Liquid staking has grown significantly, surpassing decentralized lending and borrowing in terms of user engagement. With liquid staking, users can earn rewards for locking their crypto currencies on a blockchain network without sacrificing the liquidity of their funds.
Total Value in Liquid Staking Protocols Is Over $14.1 Billion
On Monday, the total value of cryptocurrencies put away in liquid staking protocols was a staggering $14.1 billion—making it the second largest crypto market sector as per DeFi Llama’s data source. Decentralized exchanges topped all other sectors with deposits amounting to $19.4 billion, whereas DeFi lending/borrowing protocols came third at $13.7 billion in terms of deposited value locked up within them.

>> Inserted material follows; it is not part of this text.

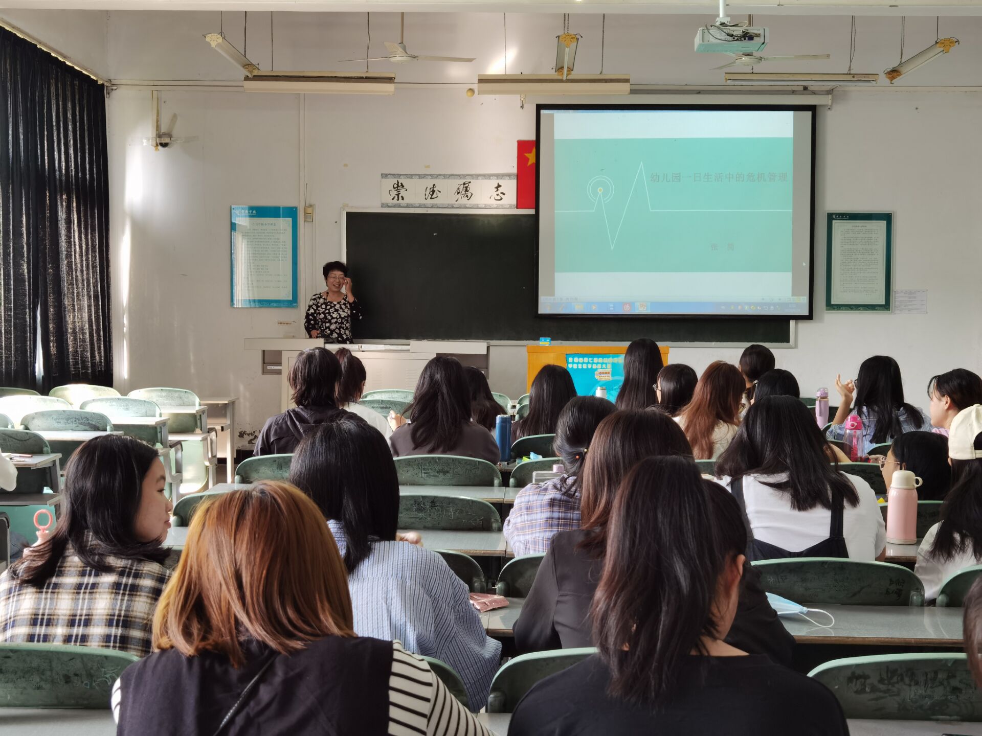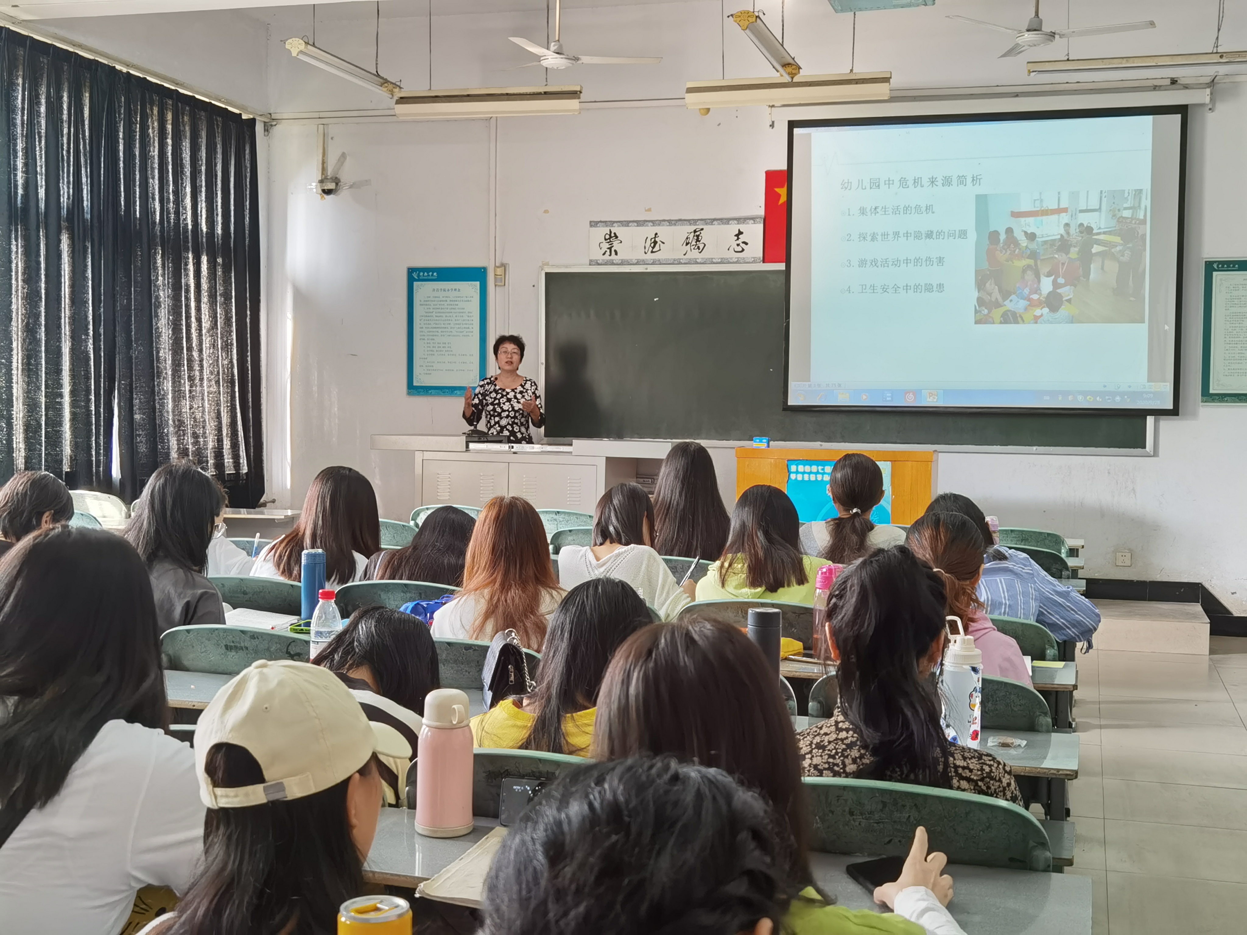 安全在幼儿园工作中至关重要。为进一步提高17级学前教育专业学生在实习工作中的安全意识,加强对幼儿安全事故的认识、防范及应对措施, 9月28日上午9点,教育学院特邀在许昌市政府机关幼儿园工作多年的张简园长,对2017级学前教育专业学生开展了幼儿园安全事故预防及应对的专题培训。

The imminent Shanghai update for Ethereum is creating a buzz among investors, as it will be the first time that stakers can remove both their ETH and accrued rewards. Liquid staking has been the top-performing crypto sector of 2021, with its Total Value Locked (TVL) skyrocketing by almost 60%. This upgrade should enhance liquidity significantly; since December 2020, over 16.5 million ETH has gone into Ethereum’s Beacon Chain, out of which 42% was locked through liquid protocols like Lido.
Utilizing liquid staking protocols such as Lido, users gain derivative tokens like staked ether (stETH), which equates to their stake in a 1:1 ratio. Through these derivative tokens, additional yield can be created across DeFi protocols. This year alone has seen the impressive performance of Lido’s governance token LD0 skyrocket by 220%, outperforming both bitcoin and Ethereum substantially! CoinDesk data also shows that other rivaling platforms, such as Rocket Pool & Frax, have also had large gains with their governance tokens!

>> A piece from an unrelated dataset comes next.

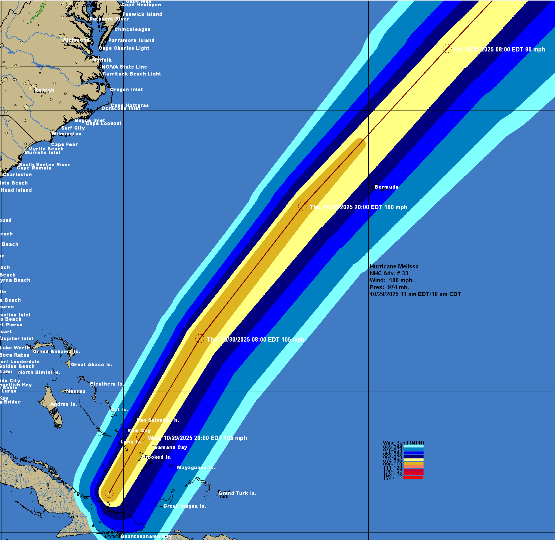 Beyond this, Melissa will speed up in its forward motion & it appears very likely that the hurricane will pass just west of Bermuda on Thursday night as a borderline Category 1-Category 2 hurricane. I do think that the hurricane will pass close enough to Bermuda to bring hurricane conditions to the island throughout Thursday night & all island interests should be ready for this hurricane.

The Yield Difference May Also Be Effective in the Popularization of Liquid Stake
Liquid staking has become increasingly common compared to decentralized lending, which can be attributed to the difference in yields between these two sectors. For example, Lido – which holds over 75% of the liquid staking market share – offers an annual percentage return (APR) ranging from 4.8% on staked ether up to 6.3% APR for Polygon’s MATIC token, all higher than those available when going through Aave’s top stablecoins like USDT, USDC, or DAI.

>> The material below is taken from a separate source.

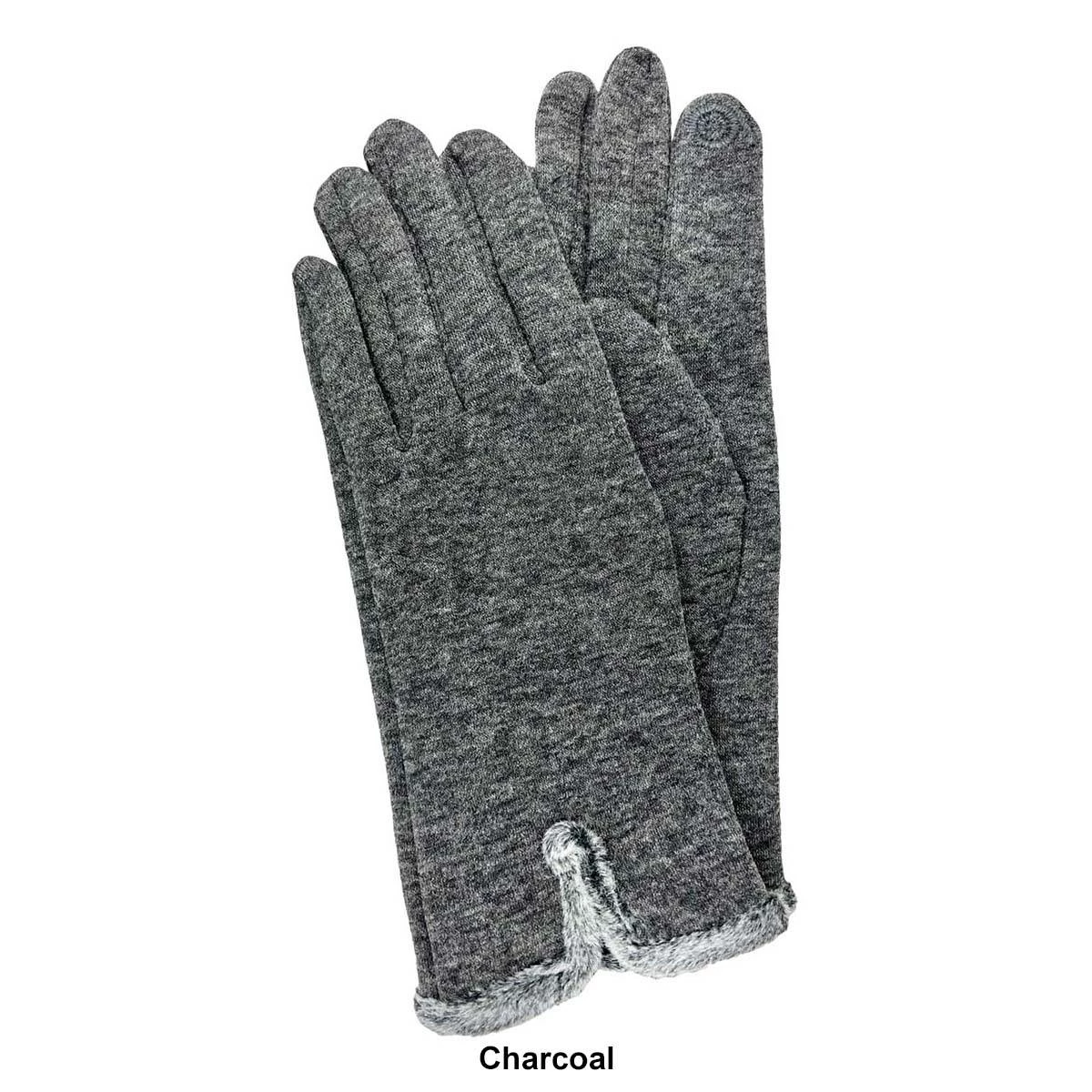 Hands stay toasty warm wearing these Adrienne Vittadini fleece gloves with faux fur hem and touchscreen compatibility.

Liquid staking is on the rise, with ETH being significantly lower than other layer 1 cryptocurrencies in terms of its percentage of supply staked. Markus Thielen, head of research and strategy at Matrixport, shared that only 14% of ETH is currently being stored versus 58%, which is average for coins operating in similar circumstances. Binance Research seconded this opinion when they forecasted a greater influx into staking protocols after the Shanghai upgrade. As such, it’s likely there will be an ongoing surge in interest regarding liquid staking.
According to Binance Research’s report this month, many individuals have been eagerly awaiting Shanghai to stake their ETH since its withdrawals will eliminate the liquidity risk and unknown lock-up period.